RE: Designing an Eye bolt using materil 4340
The discussions of the lifting pin
I would consider using ASME B30.20a-2001 Structural and Mechanical Lifting devices as a start.
main section Requires sf=3 (padeye Requires sf=5)
ASME B30.20-2003 20-1.2.2
"The load-bearing structure components of a lifter shall be designed to withstand the stresses imposed by its rated load plus the weight of the lifter, with a minimum design factor of three, based on yield strength of the material, and the stress ranges that do not exceed the values given in ANSI/AWS D14.1 for the applicable condition. ...."

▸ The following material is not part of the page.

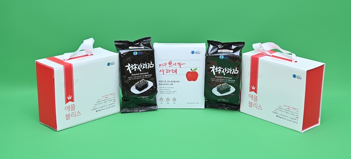 ‘청송사과김’은 ‘풋사과 소금 및 이의 제조방법’ 특허 기술을 적용한 제품으로, 2025년 6월 한국맥꾸룸과의 기술이전 협약을 통해 생산된 풋사과소금을 사용해 제조됐다. 사과 특유의 산뜻한 풍미와 감칠맛이 특징이며, 가격은 1박스(12봉) 2만 원이다.

Other specifications to review are ASTM specification A489 for “Carbon Steel Eye Bolts” or ASTM F541 “Standard Specification for Alloy Steel Eyebolts,”
Load case: simple beam with concentrated load at the center
Mmax =?
Fmax = 20 x 2000 = 40,000 (40k)
where: AISI 4340 Steel, normalized, 25 mm round
Fu = 185.9 ksi, Fy = 125 ksi
The allowable stresses:
Fb = Fy /3.0 = 41.6 ksi = Fv = Ft
(per section 20-1.2.2.2, ASME B30.20)
then:
Ixx = Iyy = (? d4) / 64 = 0.1198 in4
Sxx= I ÷ r = 0.1817in3
Apin = (? d2) / 4 = 1.227 in2
fb = Mmax / Sxx = ?in-lbs / 0.1817 in3
= ?ksi < Fb = 41.6 ksi
fv = Ri / Apin= 40,000 lbs/1.227 in2
= 32.6 ksi < Fv = 41.6 ksi
Bearing stresses of the pin hole area:
Spotts gives the elastic analysis equation for max compressive contact stress (Po) for two different radius cylinders (in your case R1 smaller 1.25" pin and R2 larger hole), P1 load per axial inch on cylinder:
Po=0.591*Sqrt[{(P1*E1*E2)/(E1+E2)}*(1/R1-1/R2)]
Note stresses can be very high due to the small contact area. To reduce the stress reduce the clearance between the two bodies.